TASK STATEMENT: Give all of the data again exactly as written, omitting every image.

MATERIAL PROVIDED:
*-*-*

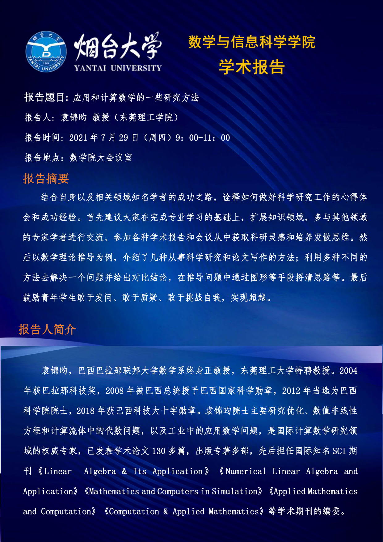 学术报告- 袁锦昀 教授(东莞理工学院)
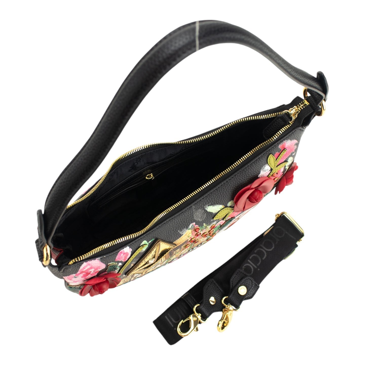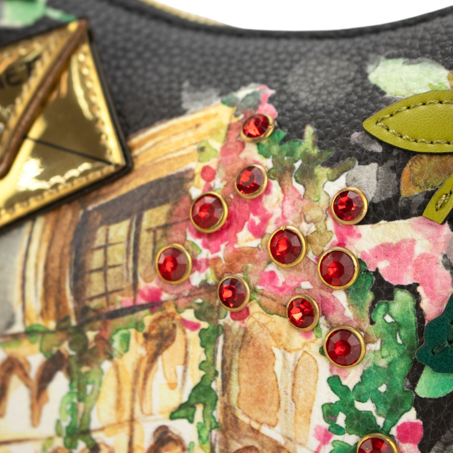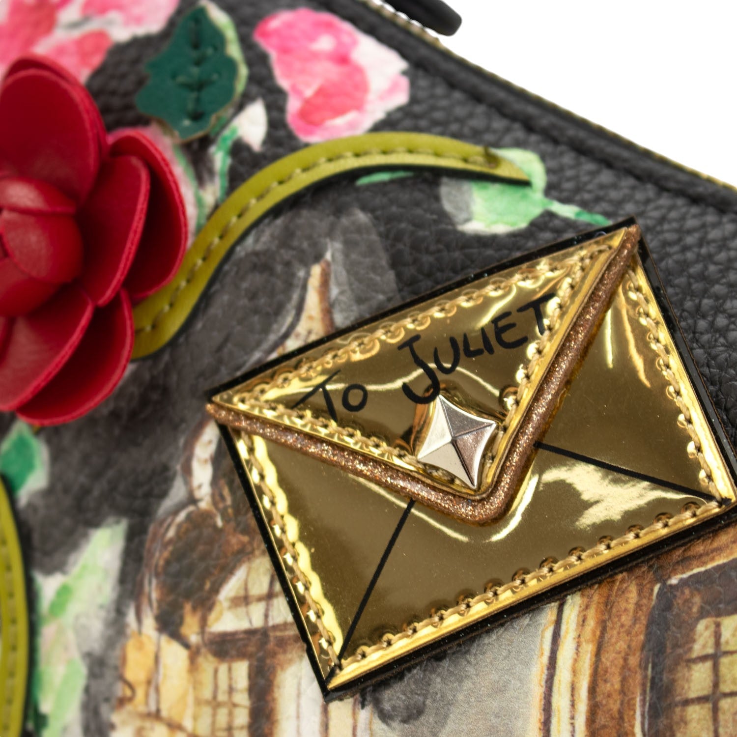 Un bolso de mano con asa de mano y un compartimento interior amplio, con cierre de cremallera. Su exterior es un espectáculo de color que detalla los elementos característicos de la ciudad de Verona con apliques y brillantes que realzan el diseño al máximo nivel ¡Te enamorará nada más verlo!
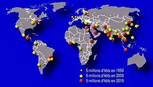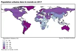 L'Organisation des Nations unies estime en 1950 la population urbaine à 30 % de la population mondiale soit 746 millions d'habitants. En 2008, pour la première fois de l'histoire connue, plus de la moitié des humains résident en ville[1]. En 2014, environ 54 % de la population mondiale vit en milieu urbain avec 3,9 milliards de citadins[2].

*-*-*

REPLY:
 学术报告- 袁锦昀 教授(东莞理工学院)
 Un bolso de mano con asa de mano y un compartimento interior amplio, con cierre de cremallera. Su exterior es un espectáculo de color que detalla los elementos característicos de la ciudad de Verona con apliques y brillantes que realzan el diseño al máximo nivel ¡Te enamorará nada más verlo!
 L'Organisation des Nations unies estime en 1950 la population urbaine à 30 % de la population mondiale soit 746 millions d'habitants. En 2008, pour la première fois de l'histoire connue, plus de la moitié des humains résident en ville[1]. En 2014, environ 54 % de la population mondiale vit en milieu urbain avec 3,9 milliards de citadins[2].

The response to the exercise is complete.